What needs to be done –
Leaving out pictures, output exactly the lines below from the one that has "电器教研室在创新港正式开启了" through the one that has "We study the", and nothing else.

Data shown –
==============================

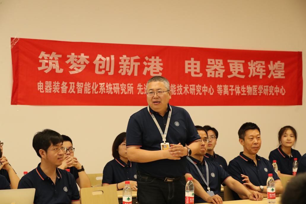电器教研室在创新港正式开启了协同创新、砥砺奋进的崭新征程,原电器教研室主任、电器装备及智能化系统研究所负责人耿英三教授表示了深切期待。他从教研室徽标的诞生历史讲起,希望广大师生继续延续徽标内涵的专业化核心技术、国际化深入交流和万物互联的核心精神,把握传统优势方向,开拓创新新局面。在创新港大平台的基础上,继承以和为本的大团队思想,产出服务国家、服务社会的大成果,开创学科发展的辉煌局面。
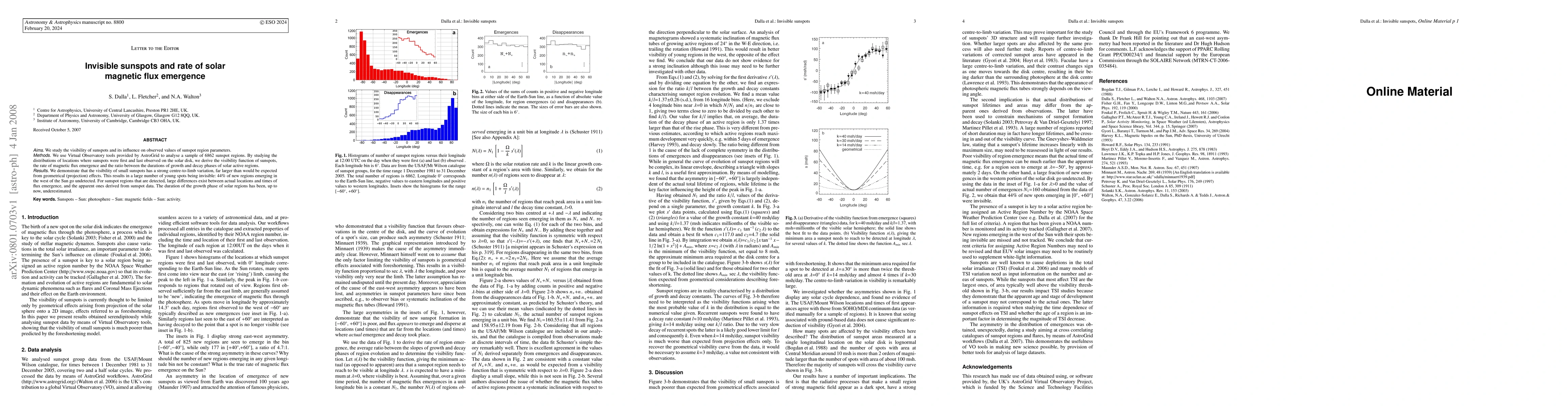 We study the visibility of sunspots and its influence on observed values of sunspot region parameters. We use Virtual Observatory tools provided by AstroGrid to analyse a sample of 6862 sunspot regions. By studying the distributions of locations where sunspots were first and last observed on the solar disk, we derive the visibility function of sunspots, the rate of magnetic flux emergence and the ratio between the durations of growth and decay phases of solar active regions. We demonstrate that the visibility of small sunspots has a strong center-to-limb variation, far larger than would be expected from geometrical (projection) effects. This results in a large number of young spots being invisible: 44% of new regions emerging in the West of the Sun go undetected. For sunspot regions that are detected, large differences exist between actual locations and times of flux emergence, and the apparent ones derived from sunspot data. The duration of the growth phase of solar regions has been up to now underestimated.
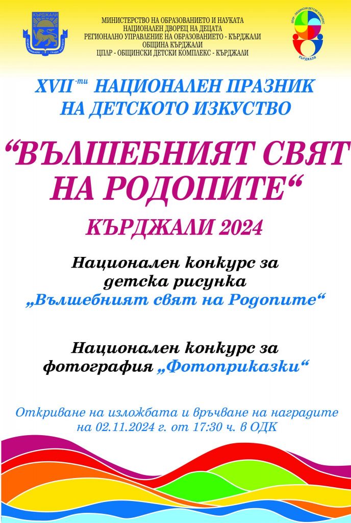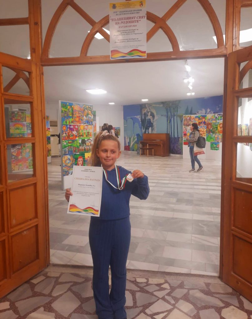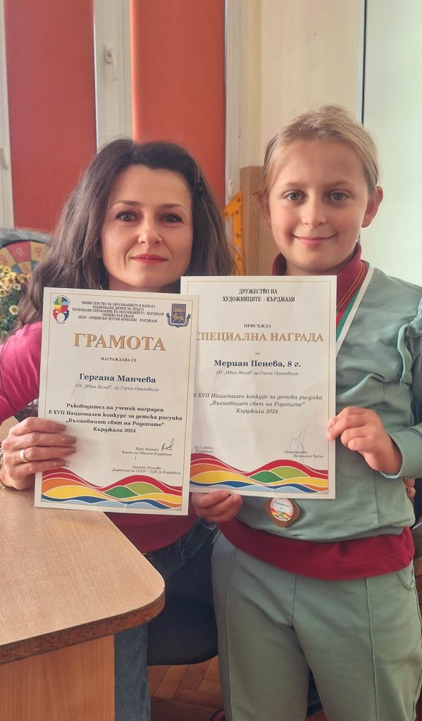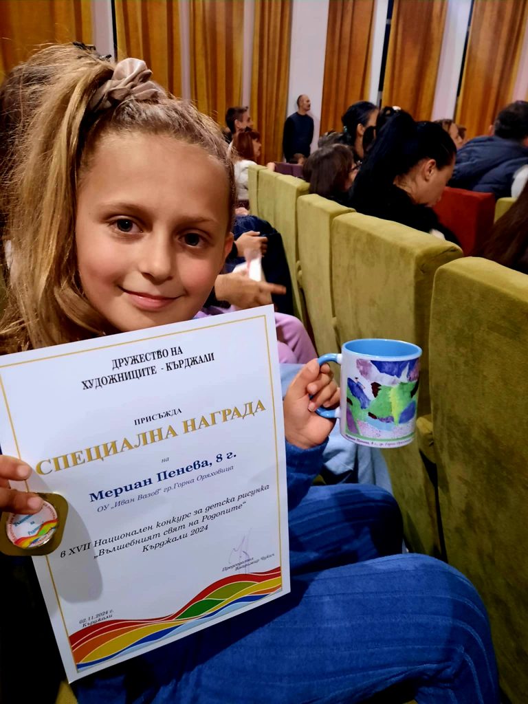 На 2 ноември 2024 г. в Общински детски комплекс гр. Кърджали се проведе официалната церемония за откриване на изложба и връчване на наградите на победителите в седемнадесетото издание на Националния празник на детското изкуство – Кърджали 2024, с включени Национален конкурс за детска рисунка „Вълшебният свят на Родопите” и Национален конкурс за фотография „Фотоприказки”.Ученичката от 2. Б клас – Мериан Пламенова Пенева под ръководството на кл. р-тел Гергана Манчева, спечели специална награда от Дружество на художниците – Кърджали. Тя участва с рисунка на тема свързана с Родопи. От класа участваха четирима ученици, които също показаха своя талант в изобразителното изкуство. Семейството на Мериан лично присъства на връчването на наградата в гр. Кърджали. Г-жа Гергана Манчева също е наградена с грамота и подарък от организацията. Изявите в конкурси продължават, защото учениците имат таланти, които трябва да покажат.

==============================

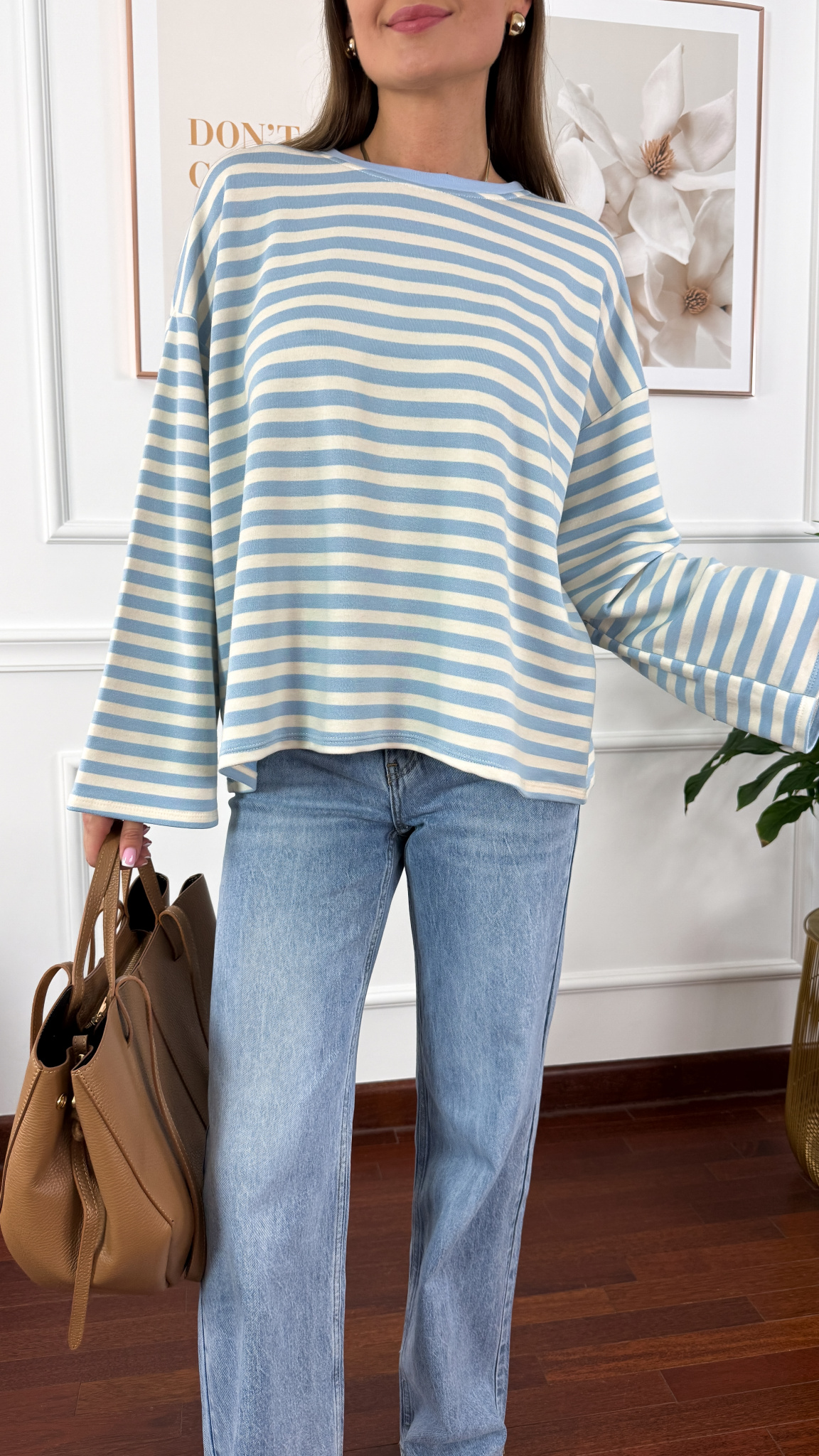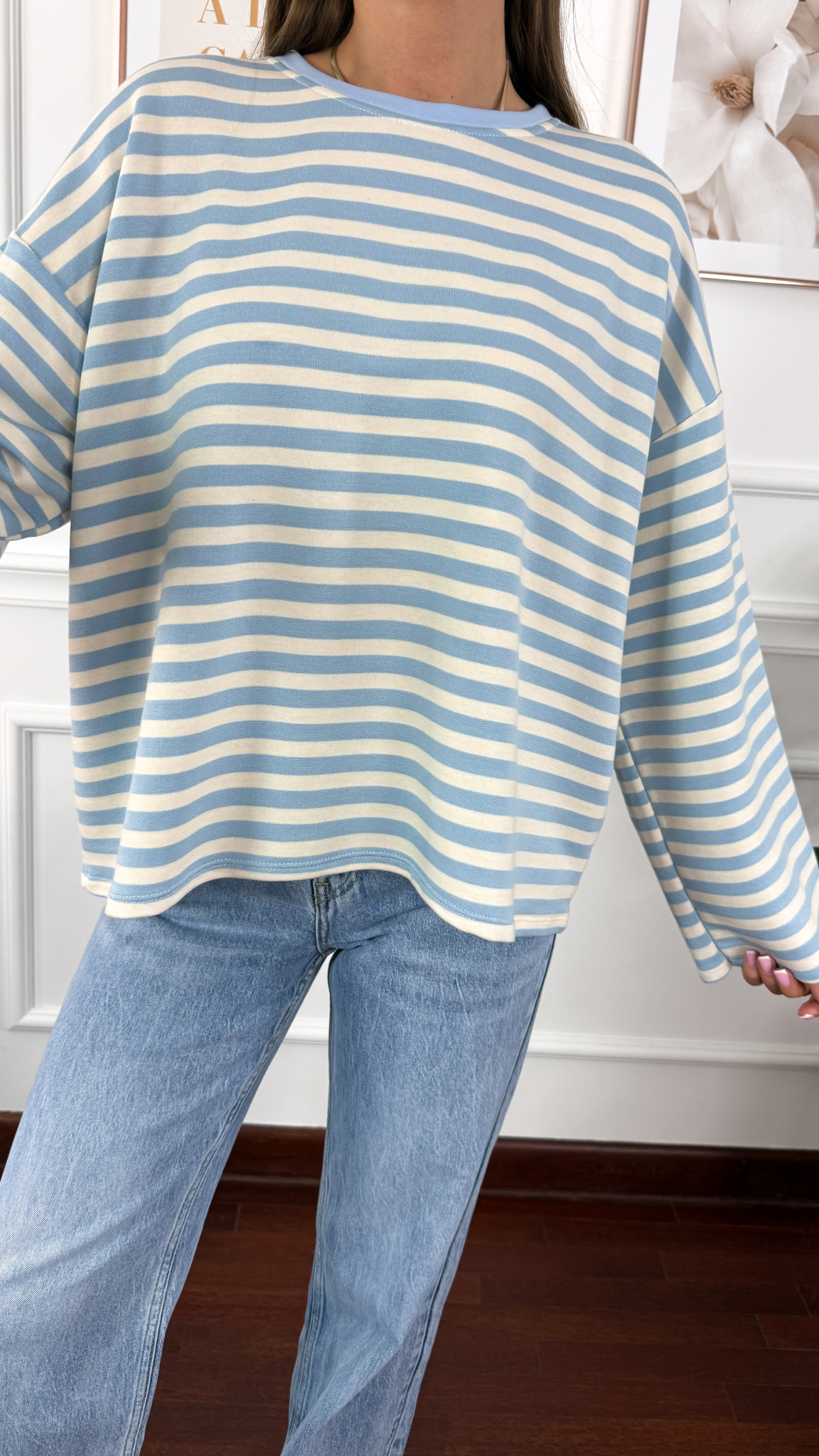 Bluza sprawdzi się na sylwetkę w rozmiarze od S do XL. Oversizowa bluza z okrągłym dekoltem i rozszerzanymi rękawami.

==============================

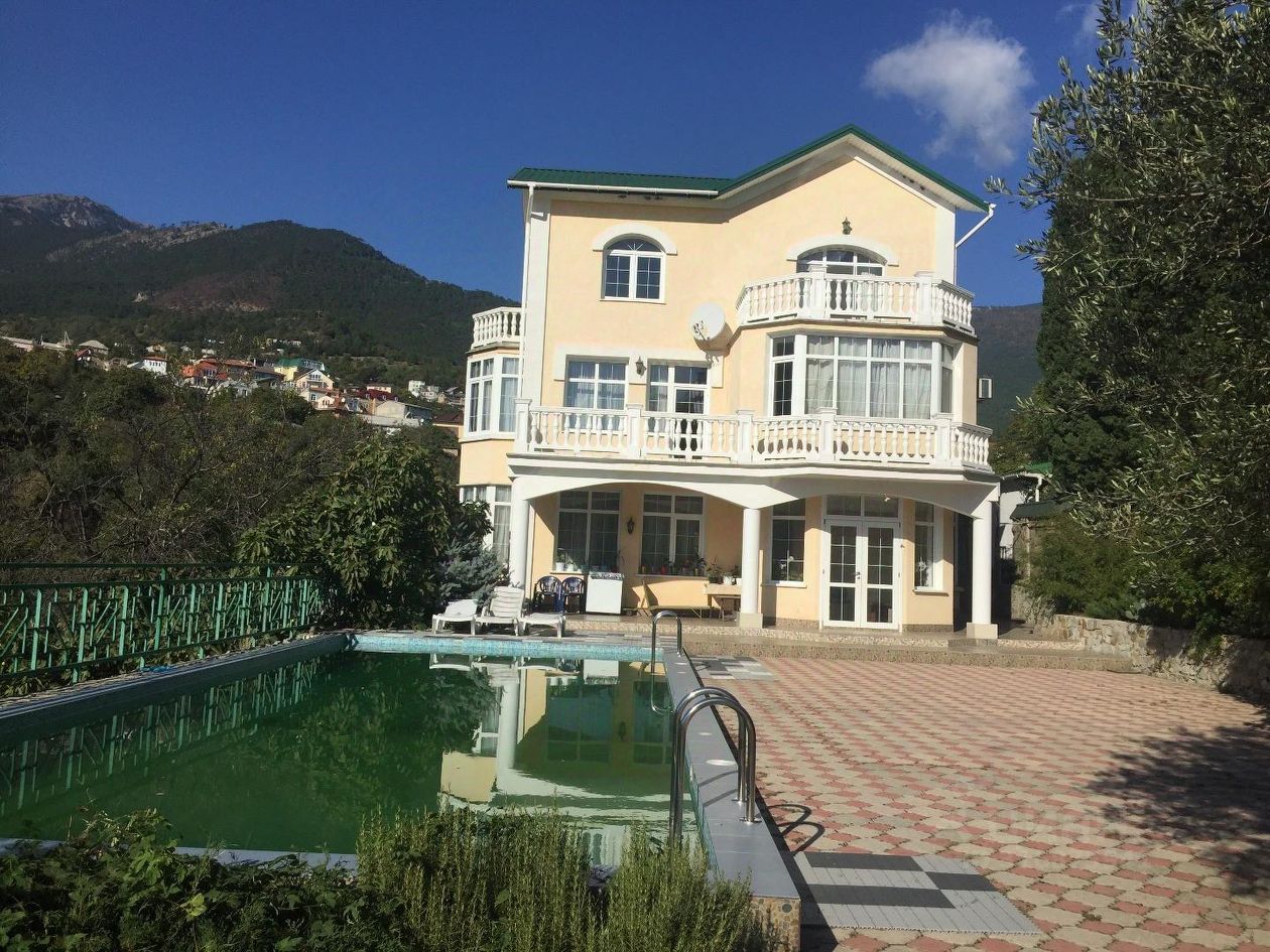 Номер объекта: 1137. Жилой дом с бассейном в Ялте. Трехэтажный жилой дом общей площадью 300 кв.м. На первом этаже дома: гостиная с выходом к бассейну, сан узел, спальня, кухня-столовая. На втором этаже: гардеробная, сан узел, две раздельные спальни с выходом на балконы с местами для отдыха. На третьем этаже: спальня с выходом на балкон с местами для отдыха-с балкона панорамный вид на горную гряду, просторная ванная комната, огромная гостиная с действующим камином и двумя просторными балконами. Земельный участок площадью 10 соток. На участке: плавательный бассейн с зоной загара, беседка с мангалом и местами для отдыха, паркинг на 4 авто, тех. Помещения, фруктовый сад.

==============================

Problem solution –
电器教研室在创新港正式开启了协同创新、砥砺奋进的崭新征程,原电器教研室主任、电器装备及智能化系统研究所负责人耿英三教授表示了深切期待。他从教研室徽标的诞生历史讲起,希望广大师生继续延续徽标内涵的专业化核心技术、国际化深入交流和万物互联的核心精神,把握传统优势方向,开拓创新新局面。在创新港大平台的基础上,继承以和为本的大团队思想,产出服务国家、服务社会的大成果,开创学科发展的辉煌局面。
 We study the visibility of sunspots and its influence on observed values of sunspot region parameters. We use Virtual Observatory tools provided by AstroGrid to analyse a sample of 6862 sunspot regions. By studying the distributions of locations where sunspots were first and last observed on the solar disk, we derive the visibility function of sunspots, the rate of magnetic flux emergence and the ratio between the durations of growth and decay phases of solar active regions. We demonstrate that the visibility of small sunspots has a strong center-to-limb variation, far larger than would be expected from geometrical (projection) effects. This results in a large number of young spots being invisible: 44% of new regions emerging in the West of the Sun go undetected. For sunspot regions that are detected, large differences exist between actual locations and times of flux emergence, and the apparent ones derived from sunspot data. The duration of the growth phase of solar regions has been up to now underestimated.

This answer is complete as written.